## Brief:
Work out the count of lines in the listing below that include "església". Give that count alone.

## Data records:
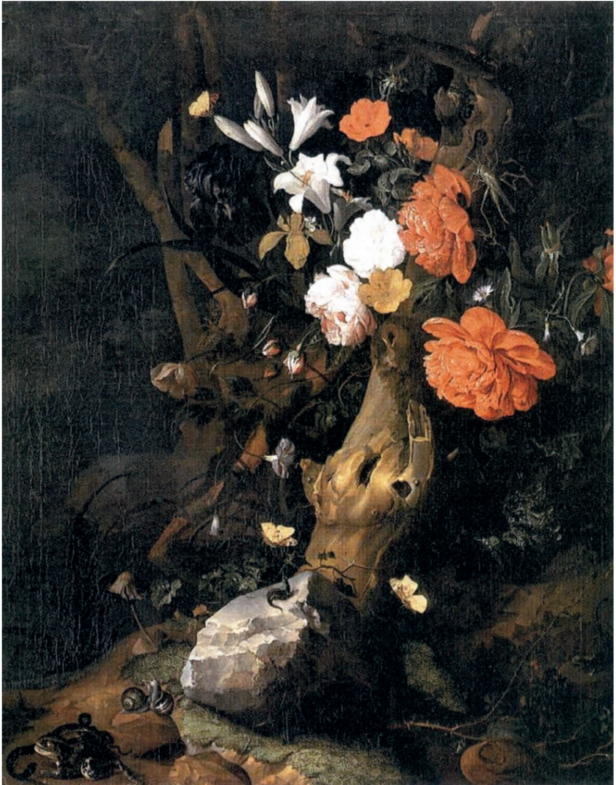
18 – Rachel Ruysch, Waldstilleben mit Blumen , 1686. Vor 1929 Wien, Sammlung Maximilian Kellner, heute Rochester, New York, USA, The Memorial Art Gallery, University of Rochester
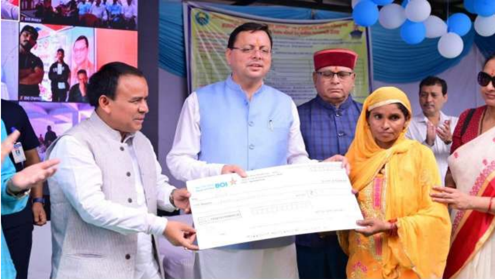
मुख्यमंत्री श्री पुष्कर सिंह धामी ने राजकीय बालिका इण्टर कॉलेज राजपुर रोड, देहरादून में श्रमिकों की पुत्रियों का विवाह उपरांत आर्थिक सहायता के चेक प्रदान किये। दिनांक 16 सितंबर 2023
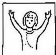
en de kracht en de eeuwigheid
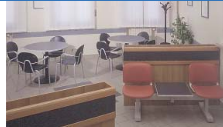
Sala d'attesa Sala d'attesa Sala d'attesa
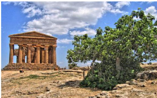
Vallée des Temples – Agrigento

Arrivée à Randazzo en fin d'après-midi. Dîner et nuit à l'hôtel Feudo Vagliasindi*** , au pied du Volcan Etna .
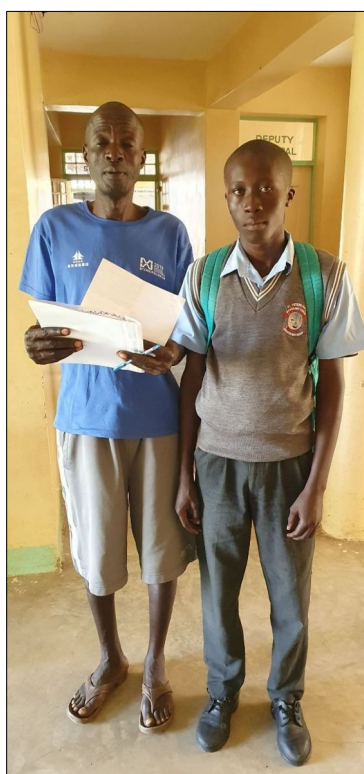
Pomoc pre chlapca z komunity.
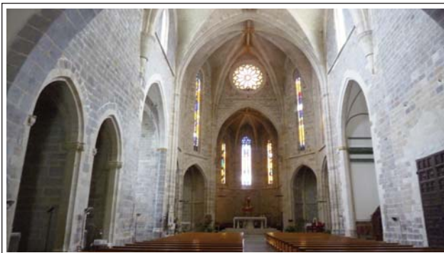
SANT MATEU. Interior de l'església arxiprestal.

Dels religiosos, cal destacar l'església arxiprestal (segles XIII al XV) d'estil gòtic, però amb una bonica portada romànica del XIII. Al seu interior es troba el Museu Arxiprestal
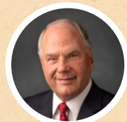
OUDERLING RONALD A. RASBAND
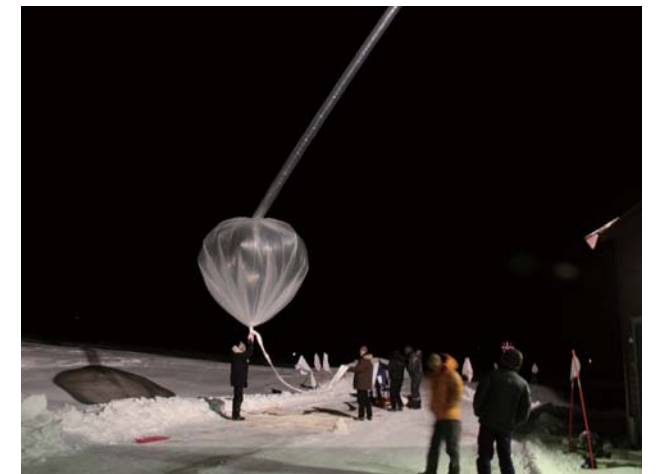
Fig. 6. Launch of OPC sonde.
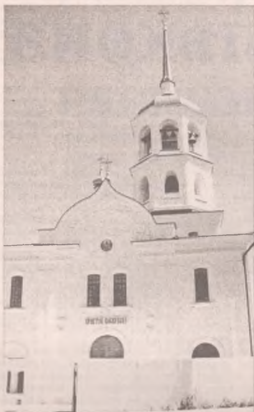
Харлампиевский собор все еще достраивается (июль 2011 года)

Харлампиевская церковь когда-то была самой большой в Иркутске

## Result for this task:
2